Always kind of tough to determine public from private ground. I really haven't found a single good web sight for that purpose, but many counties, mostly the more populated counties, have property ownership maps on the web. Look on the County Assessor's page for these maps. They are your best source. If you have specific areas in mind you can go to that counties assessors office and look at the plot maps. Google earth shows forest boundaries but honestly, they can be way off the mark so don't put much trust in Google earth maps. "Studying up" most normally requires hands on investigation like looking for fence lines, forest boundary signage, asking area land owners and studying maps from the forest service, USGS and other govn't agencies. Just remember to read and understand the rules of trespassing as outlined in the guide booklets. Good luck

PS. if you find a good websight for property ownership, PLEASE pass it on, all of us need to know. Thanks


----------



## BPturkeys (Sep 13, 2007)

here is Cache county's GIS maps for example 
http://maps.cachecounty.org/countymap/


----------



## Dukes_Daddy (Nov 14, 2008)

Book store at the Natural Resources building on North Temple in Salt Lake has great maps that show ownership.


----------



## Airborne (May 29, 2009)

Google 'hunting GPS maps' you will need a good quality color screen GPS and each state software will run you $100 or so, but it shows land ownership and where you are at in relation to it. Plus it gives topo and many other features. Take it from a guy who has dumped hundreds of dollars on paper maps, bite the bullet and it will save you money in the long run-- that is if you are an avid hunter/fisher


----------



## timber_cruiser (Nov 2, 2007)

This a great topic. I have spent a lot of time looking for maps that show landownership accurately, with imagery or topo maps as a background. I used Google at first, but now use data directly from the Utah Automated Geographic Reference Center (AGRC), viewed with the free ArcGIS Explorer application.

http://gis.utah.gov/data/

I view Public Land Survey System (PLSS) data via spatial data connection at AGRC. The data link is explained on this webpage.

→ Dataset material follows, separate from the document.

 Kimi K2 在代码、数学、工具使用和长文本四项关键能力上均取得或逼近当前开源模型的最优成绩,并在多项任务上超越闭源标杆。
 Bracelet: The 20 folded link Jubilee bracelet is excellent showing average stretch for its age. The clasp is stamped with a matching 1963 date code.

http://gis.utah.gov/data/how-to-connect ... d-via-sde/

You can download ArcGIS Explorer from from ESRI at

http://www.esri.com/software/arcgis/explorer

I will try to upload a screen shot of this data on my computer. It is current data, free and covers the entire state of Utah.


----------



## BPturkeys (Sep 13, 2007)

Thanks Timber, really good stuff. I just downloaded the ArcGIS program...now if I can just figure out how to use it. I can see from my first quick look that it is a tool with great potential for the hunter. Can you link into all the counties in Utah? It seems to me that only a few counties really have the information on line at this time.


----------



## timber_cruiser (Nov 2, 2007)

BP, The AGRC GIS data service layers are statewide. Within ArcGIS Explorer:

1) select Add Content, 
2) GIS Services, 
3) add the service connection to AGRC enter http://mapserv.utah.gov/arcgis/services in the server window block.

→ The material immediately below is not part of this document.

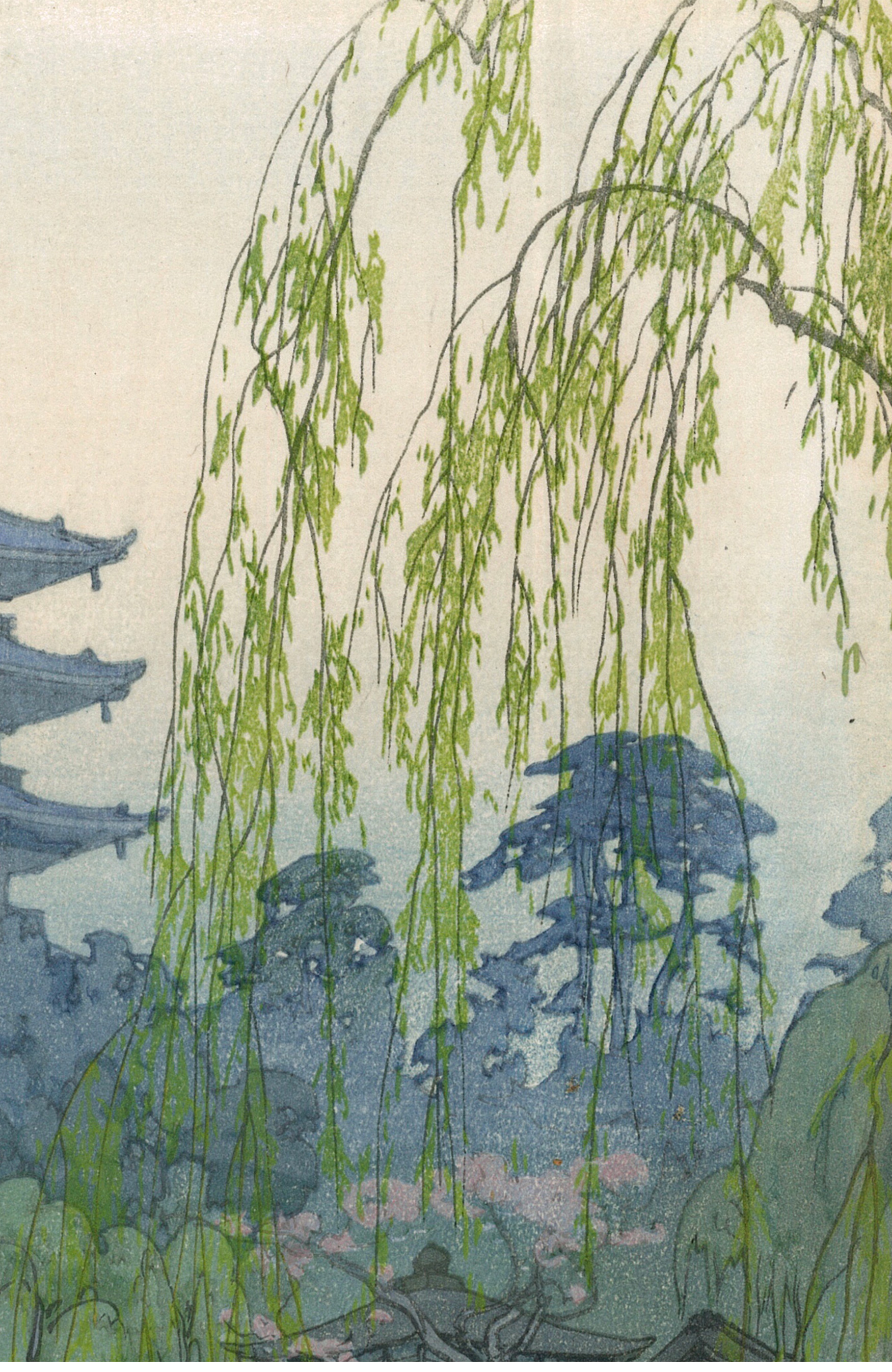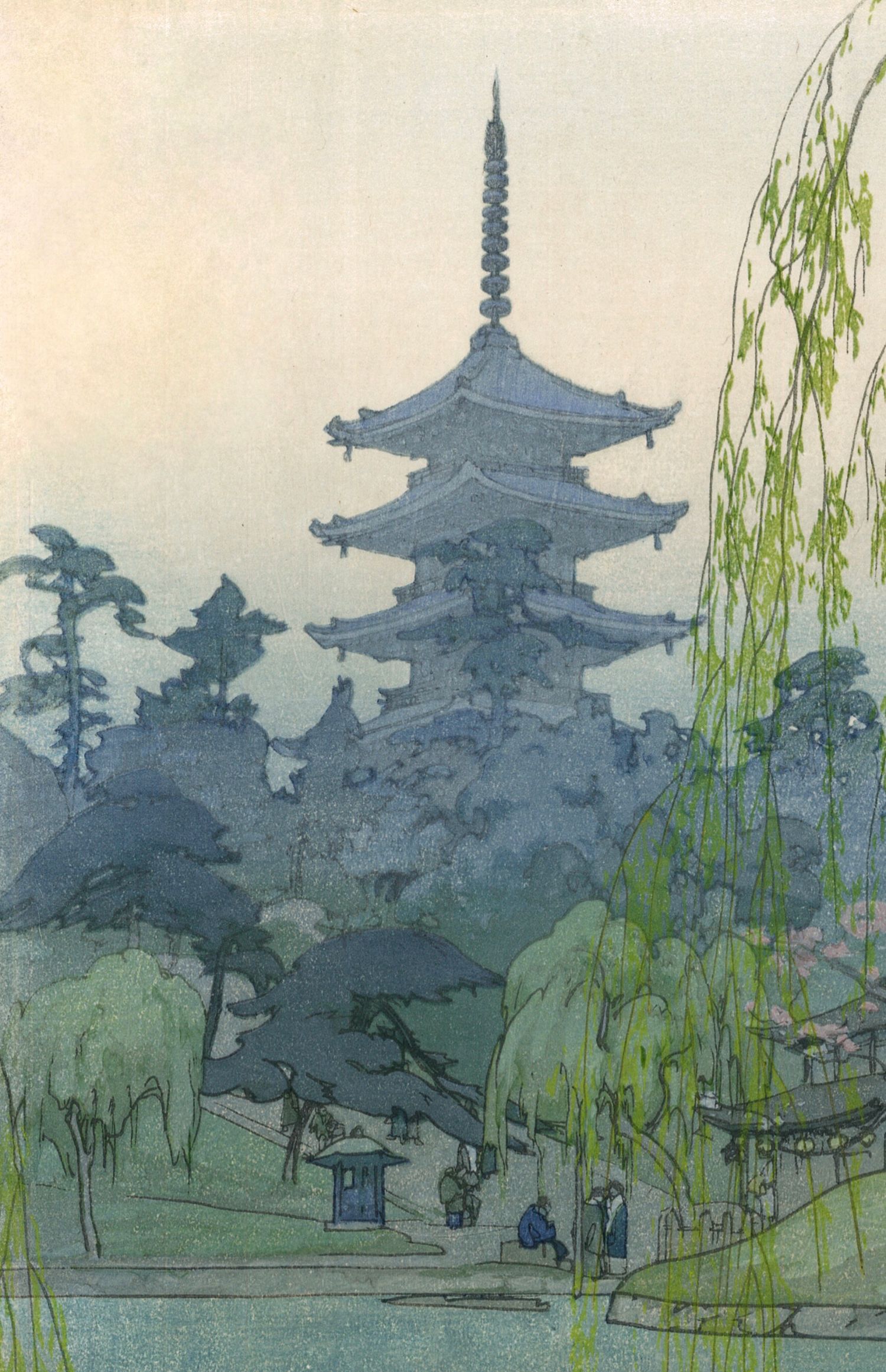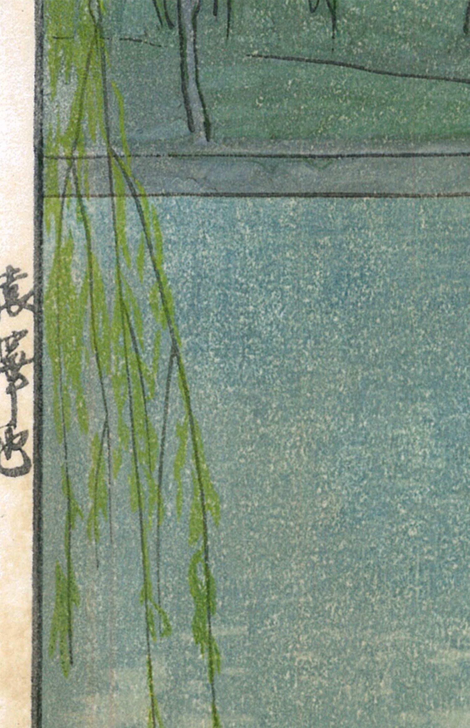 独角鹿西洋古董日本昭和时代吉田博签名新版画《猿泽池》

You should then be connected to the ARGC list of web map services, which includes about 40 different GIS layers. I use the plain PLSS layer that shows landownership in color shade.

You can then select different map and imagery backgrounds. Select the Basemap tab and pull down the Bing aerial imagery or topo layer. You can adjust the PLSS layer transparency so you can see the imagery or topo maps more easily.

Hope this helps.


----------



## swiftra (Dec 13, 2012)

Wow timber_cruiser thanks a ton for the info! It looks like an awesome resource and is much appreciated that you were willing to share.


----------



## BPturkeys (Sep 13, 2007)

I haven't yet figured out how to get actual parcel ownership with the info that T/C sent...I am a little old and slow...but I did stumble across this web page that will SIMPLY give you the exact ownership of every parcel in the state.

Try this one: http://mapserv.utah.gov/rasterindicies/Parcels.html


----------